Escherichia coli (todas las cepas)

Aislamiento de E. coli

La decisión depende de la cepa que se quiera aislar y el objetivo de este aislamiento.

Usualmente se utiliza MacConkey agar para diferenciar E. coli de otros coliformes que no
fermentan lactosa.

Específicamente, para la E. coli de serotipo O157:H7 (productora de la toxina shiga o E. coli

verotoxigénica) se utiliza Sorbitol MacConkey agar con Cefixima y telurito. Estos compuestos
inhiben el crecimiento de cepas diferentes a la O157:H7. Las cepas de E. coli O157:H7 al no
fermentar sorbitol se muestran como colonias incoloras em el agar.

Primeramente, se prepara una suspensión de la muestra a la concentración deseada, en solución

salina y consiguiente se inocula en agar MacConkey donde se incuba por 18-24 horas a 37°C.

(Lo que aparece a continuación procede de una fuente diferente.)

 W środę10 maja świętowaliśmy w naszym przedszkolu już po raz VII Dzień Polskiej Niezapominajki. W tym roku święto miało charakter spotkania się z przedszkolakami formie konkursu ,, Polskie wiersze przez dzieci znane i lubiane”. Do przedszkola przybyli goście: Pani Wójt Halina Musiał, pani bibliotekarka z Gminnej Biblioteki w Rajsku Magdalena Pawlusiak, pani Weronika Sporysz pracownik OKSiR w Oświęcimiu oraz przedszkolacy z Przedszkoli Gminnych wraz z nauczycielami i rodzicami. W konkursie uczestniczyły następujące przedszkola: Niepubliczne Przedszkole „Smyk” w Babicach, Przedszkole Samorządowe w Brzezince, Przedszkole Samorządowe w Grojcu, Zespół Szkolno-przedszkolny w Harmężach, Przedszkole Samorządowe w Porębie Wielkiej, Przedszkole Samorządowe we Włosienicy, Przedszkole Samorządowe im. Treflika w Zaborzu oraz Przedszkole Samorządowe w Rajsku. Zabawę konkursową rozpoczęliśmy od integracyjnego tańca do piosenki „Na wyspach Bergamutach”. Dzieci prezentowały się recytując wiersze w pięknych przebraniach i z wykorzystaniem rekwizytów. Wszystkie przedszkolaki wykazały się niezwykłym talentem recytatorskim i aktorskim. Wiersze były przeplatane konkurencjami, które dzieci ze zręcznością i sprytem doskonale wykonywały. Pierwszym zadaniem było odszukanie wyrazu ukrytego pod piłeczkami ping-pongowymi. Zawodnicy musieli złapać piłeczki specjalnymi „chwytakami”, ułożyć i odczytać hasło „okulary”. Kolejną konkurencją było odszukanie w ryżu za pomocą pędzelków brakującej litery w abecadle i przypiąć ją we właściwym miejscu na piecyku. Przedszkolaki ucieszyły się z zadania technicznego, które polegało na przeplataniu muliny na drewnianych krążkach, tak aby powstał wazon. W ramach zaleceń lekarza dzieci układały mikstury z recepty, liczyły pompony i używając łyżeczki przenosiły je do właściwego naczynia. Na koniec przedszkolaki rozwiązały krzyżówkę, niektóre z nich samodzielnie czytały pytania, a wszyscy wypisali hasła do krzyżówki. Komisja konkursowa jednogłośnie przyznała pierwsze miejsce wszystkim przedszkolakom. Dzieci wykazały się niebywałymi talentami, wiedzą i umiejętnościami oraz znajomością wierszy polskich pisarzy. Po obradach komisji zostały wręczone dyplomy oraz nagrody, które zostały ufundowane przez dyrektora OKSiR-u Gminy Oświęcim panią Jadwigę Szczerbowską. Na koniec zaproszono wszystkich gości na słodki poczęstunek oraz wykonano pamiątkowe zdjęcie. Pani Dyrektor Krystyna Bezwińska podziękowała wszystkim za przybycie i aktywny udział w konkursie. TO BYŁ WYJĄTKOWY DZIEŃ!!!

Sin embargo, la suspensión de la muestra puede ser enriquecida en caldos no diferenciales como
agar nutritivo por incubación durante 24 horas a 37°C. Esto permitirá el crecimiento de E. coli y
incrementarán las posibilidades de aislamiento.

Después de la incubación en agar MacConkey se podrán observar colonias. Las colonias

características de E. coli presentarán un color rosado-rojizo gracias al viraje de color del indicador
debido a la fermentación de lactosa por parte de esta bacteria, además se notará una
precipitación de las sales biliares.

Finalmente se debe confirmar el aislamiento de E. coli lo cual se puede dar por métodos
bioquímicos, enzimáticos o moleculares.

Métodos Bioquímicos

 IMViC tests (Indole, Methyl red, Voges- Proskauer, and Citrate)

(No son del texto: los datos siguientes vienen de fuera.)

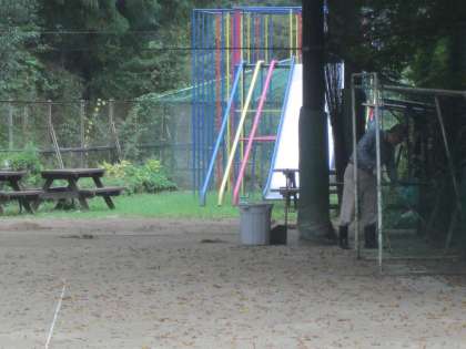 ムクの木の下で,管理用務員さんの作業が続きます。
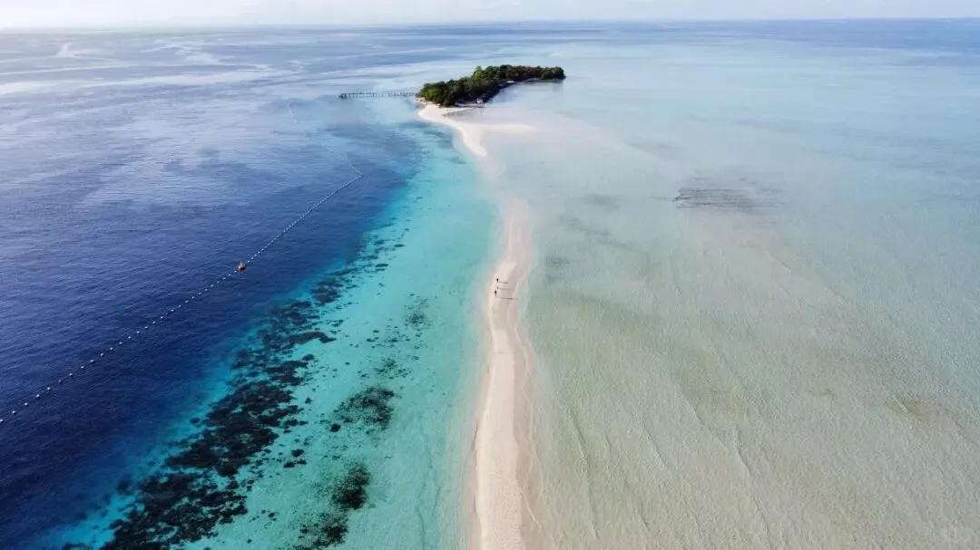 汀巴汀巴岛很小,岛屿狭长,拖着长长的尾巴,在海水里若隐若现。

Indole: Esta prueba es positiva para E. coli. En esta prueba se confirma si la bacteria puede
producir Indol a partir del triptófano en el Agua de Peptona utilizando la enzima triptofanasa. Para
esto se inocula la bacteria en un tubo con Agua de Peptona y se la deja incubando por un día a
37°C. Se utiliza después el reactivo de Kovacs que reaccionará con el Indol producido, en el caso
de que la bacteria haya utilizado el triptófano del medio. El aldehído del reactivo reacciona con
el Indol dando un anillo rojo o rosado en la parte superior del tubo, probando la reacción como
positiva.

Methyl red: Esta prueba es positiva para E.coli. Esta prueba detecta la habilidad de una bacteria
para producir ácido a partir de la fermentación de glucosa. La bacteria en prueba es inoculada
en caldo glucosa fosfato (MRVP) que contiene buffer de glucosa y fosfato, y es incubada por 24
horas a 37°C. Se agrega después de 3 a 5 gotas de reactivo Methyl Red. Un color rojo indica
una reacción positiva gracias a que la bacteria pudo producir suficiente ácido como para
neutralizar el buffer de fosfato. En cambio, un color amarillo indica una reacción negativa.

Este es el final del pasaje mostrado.